I also noticed that in several research trials in my state, the control block with no treatment experienced less insect damage than the blocks that received treatment from several different products. This type of academic research is really confusing to a average grower like myself.
It would be great if I had a PHD in entomology but I don’t. I just need to spray the right material against the bugs at the right time. Following the advice from the “experts” in my two acres of tree fruit has not worked as well as expected. Using trial and error, I will eventually solve the problem, but I’m going to loose a lot of valuable fruit in the meantime.

But were the differences statistically significant? Most of the time that just says the pesticide had no control. Measure the same thing twice and you get a bit different answer.

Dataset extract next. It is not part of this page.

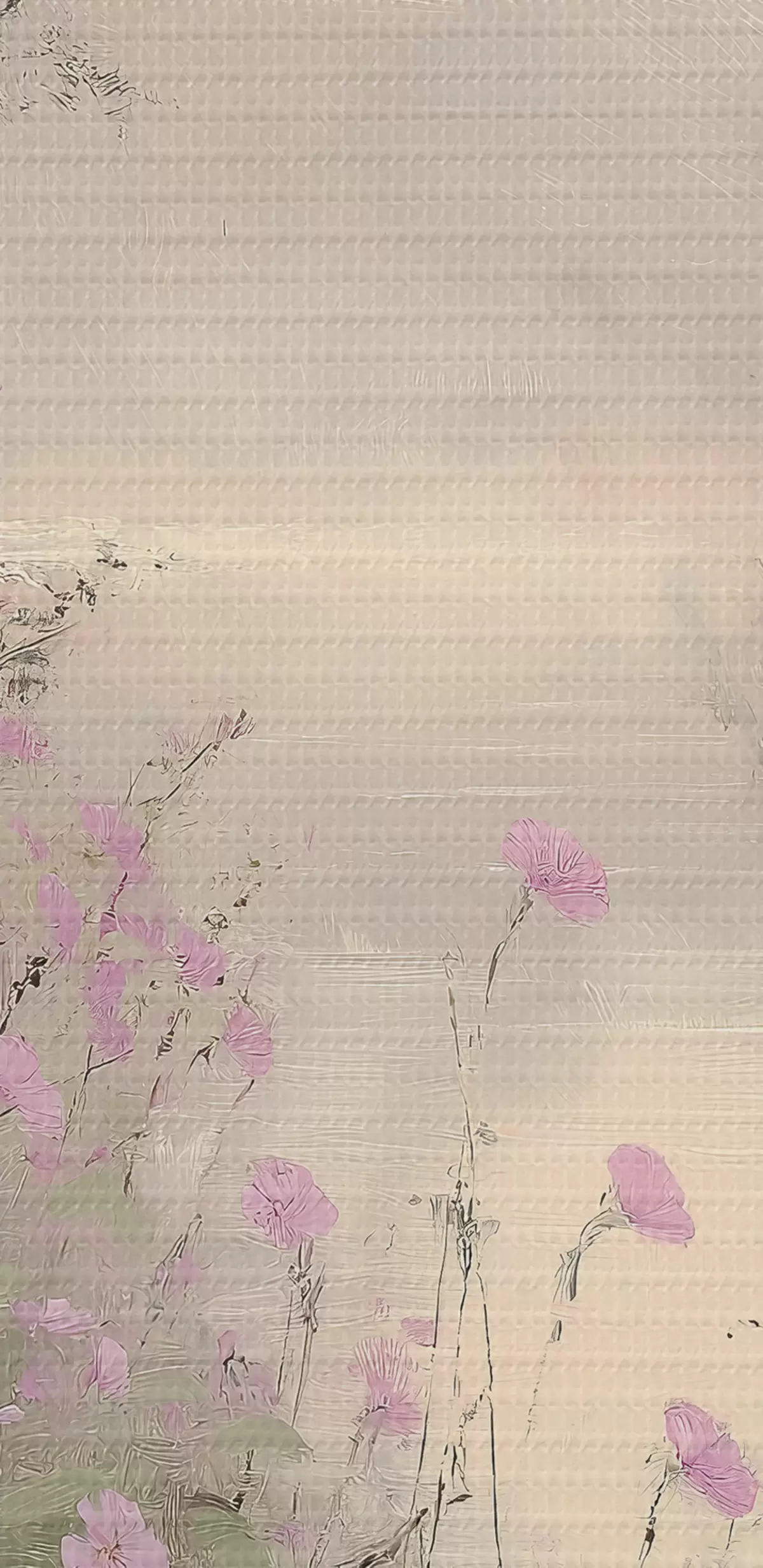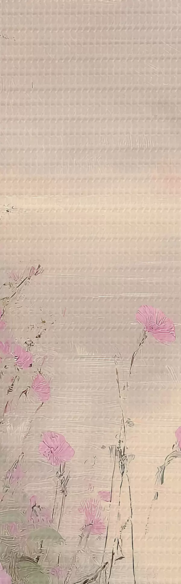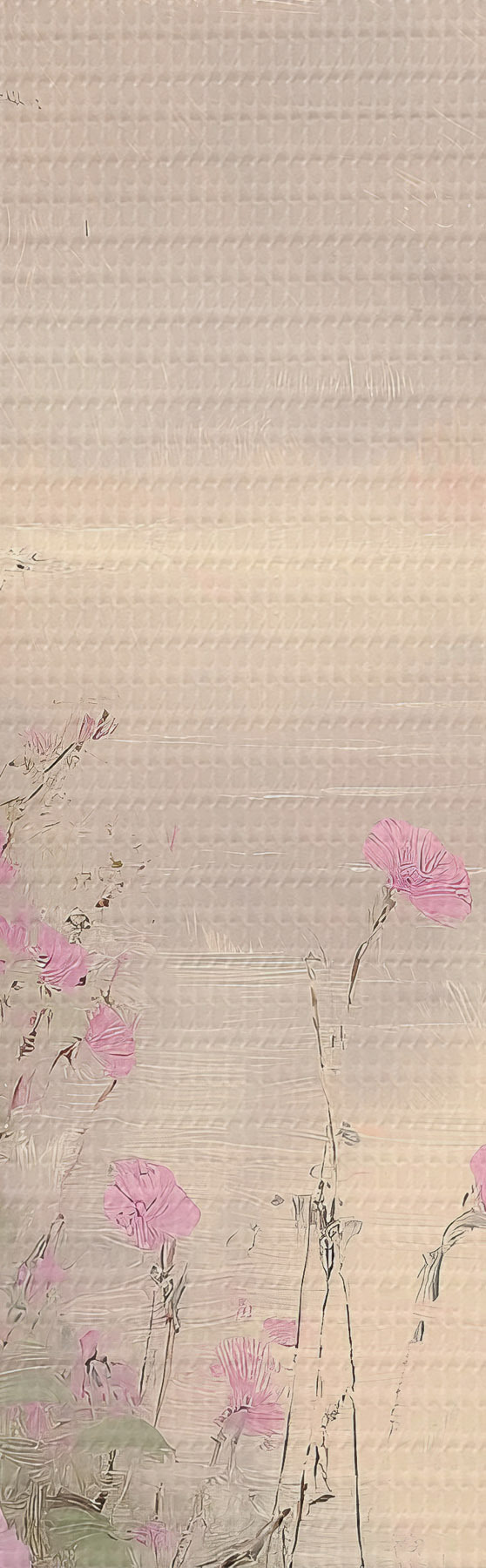 Nuotrauka Ežeras su rožinėmis gėlėmis, saulėtekis, aliejinis piešinys, pastelinės smėlio spalvos, migla Nr r40229

Or it’s even possible in a few cases that the pesticide killed the beneficials and thereby reduced control of the pest.

It was a replicated trial and the study indicated the difference was statistically significant, which is why I was so confused. Not sure if they tested it again the following year.

This stuff should not be so difficult! I just want to kill the bugs that destroy my fruit in a safe and approved manor.

One very experienced local grower has developed a solution. Imidan, Imidan, Imidan, Imidan, Venum, Imidan, Imidan, Imidan. His apples looked perfect.

That’s possibly just a fluke. But could be like the effect of Sevin on spider mites. Sevin kills the beneficials and the mites explode.

Just to add to the confusion, I note that while the label on permethrin [Eight] warns against using the product on apples after petal fall to avoid harming predatory mites, the label on Sevin makes no such warning

In my experience, when Cornell gives information about the relative effectiveness of pesticides against any given pest, they include only data about the efficacy on non-resistant strains and sometimes advise that resistance may make the information irrelevant in orchards that have resistant strains.

Maybe other universities do it differently, but if they do, they should explain the nature of the data because resistance is variable from orchard to orchard…

I wonder if one is harder on beneficial predatory mites than the other. I’ve had problems with both classes of pesticide, but with Asana, a pyrethroid, I’ve gotten other things, like cottony scale on peaches and whitefly in apples- and I mean serious whitefly that weakened the trees if left untreated. Of course, there’s no way of knowing if it was the pyrethroid, but these types of trouble started cropping up as soon as we made the switch from Imidan.

That really doesn’t make sense and isn’t useful when resistance is an issue. How do they know the specimen in question is non resistant? Only way I know is to see how easy it is to kill with a particular pesticide.

You’ve got to work with the pests as they are in orchards at the current time. So results can vary across locations depending on how much resistance has built up

At some point there won’t be any non resistant strains left. What does Cornell do then, throw up there hands and quit testing? No they’re going to test on what they’ve got.